Material for this task:
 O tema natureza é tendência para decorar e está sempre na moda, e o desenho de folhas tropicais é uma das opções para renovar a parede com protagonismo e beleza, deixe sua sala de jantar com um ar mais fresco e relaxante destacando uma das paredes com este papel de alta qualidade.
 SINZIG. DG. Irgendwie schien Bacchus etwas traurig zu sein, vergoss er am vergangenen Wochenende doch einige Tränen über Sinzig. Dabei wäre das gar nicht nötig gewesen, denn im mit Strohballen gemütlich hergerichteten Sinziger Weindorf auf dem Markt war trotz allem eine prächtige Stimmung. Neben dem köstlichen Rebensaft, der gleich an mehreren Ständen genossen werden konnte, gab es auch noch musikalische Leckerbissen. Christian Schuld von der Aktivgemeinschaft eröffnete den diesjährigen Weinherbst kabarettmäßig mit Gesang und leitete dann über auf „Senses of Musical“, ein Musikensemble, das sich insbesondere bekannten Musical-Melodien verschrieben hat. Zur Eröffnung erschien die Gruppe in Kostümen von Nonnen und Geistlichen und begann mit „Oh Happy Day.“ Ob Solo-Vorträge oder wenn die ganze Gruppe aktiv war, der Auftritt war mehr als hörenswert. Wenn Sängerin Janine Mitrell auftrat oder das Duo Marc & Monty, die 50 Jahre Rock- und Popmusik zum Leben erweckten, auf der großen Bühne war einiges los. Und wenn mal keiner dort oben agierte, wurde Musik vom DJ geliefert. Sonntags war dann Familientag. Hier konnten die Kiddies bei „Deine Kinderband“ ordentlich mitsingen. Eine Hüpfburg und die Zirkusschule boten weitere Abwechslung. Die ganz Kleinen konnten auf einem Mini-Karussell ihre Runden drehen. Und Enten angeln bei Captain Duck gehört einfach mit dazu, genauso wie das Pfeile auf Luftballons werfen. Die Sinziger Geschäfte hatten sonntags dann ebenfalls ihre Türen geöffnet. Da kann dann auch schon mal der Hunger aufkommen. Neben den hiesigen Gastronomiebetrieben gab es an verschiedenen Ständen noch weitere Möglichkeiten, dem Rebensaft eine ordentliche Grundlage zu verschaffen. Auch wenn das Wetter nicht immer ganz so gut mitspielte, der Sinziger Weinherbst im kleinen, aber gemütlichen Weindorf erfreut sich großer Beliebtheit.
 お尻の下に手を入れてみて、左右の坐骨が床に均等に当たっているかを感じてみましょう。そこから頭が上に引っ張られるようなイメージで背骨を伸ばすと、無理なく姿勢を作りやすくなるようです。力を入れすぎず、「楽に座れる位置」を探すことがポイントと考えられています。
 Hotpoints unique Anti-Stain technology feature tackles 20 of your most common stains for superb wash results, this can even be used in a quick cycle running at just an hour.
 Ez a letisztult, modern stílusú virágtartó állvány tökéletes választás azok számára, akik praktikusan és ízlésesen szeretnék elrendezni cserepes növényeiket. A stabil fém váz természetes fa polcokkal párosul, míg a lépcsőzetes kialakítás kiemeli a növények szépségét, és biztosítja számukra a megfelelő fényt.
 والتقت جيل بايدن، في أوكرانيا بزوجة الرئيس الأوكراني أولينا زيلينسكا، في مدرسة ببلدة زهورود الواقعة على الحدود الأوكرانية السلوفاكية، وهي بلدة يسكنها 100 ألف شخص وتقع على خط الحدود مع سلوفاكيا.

Aim of the task:
Starting at the line that contains "Hotpoints unique Anti-Stain", output every remaining line of the data exactly, and stop after the last one.

Solution for this task:
 Hotpoints unique Anti-Stain technology feature tackles 20 of your most common stains for superb wash results, this can even be used in a quick cycle running at just an hour.
 Ez a letisztult, modern stílusú virágtartó állvány tökéletes választás azok számára, akik praktikusan és ízlésesen szeretnék elrendezni cserepes növényeiket. A stabil fém váz természetes fa polcokkal párosul, míg a lépcsőzetes kialakítás kiemeli a növények szépségét, és biztosítja számukra a megfelelő fényt.
 والتقت جيل بايدن، في أوكرانيا بزوجة الرئيس الأوكراني أولينا زيلينسكا، في مدرسة ببلدة زهورود الواقعة على الحدود الأوكرانية السلوفاكية، وهي بلدة يسكنها 100 ألف شخص وتقع على خط الحدود مع سلوفاكيا.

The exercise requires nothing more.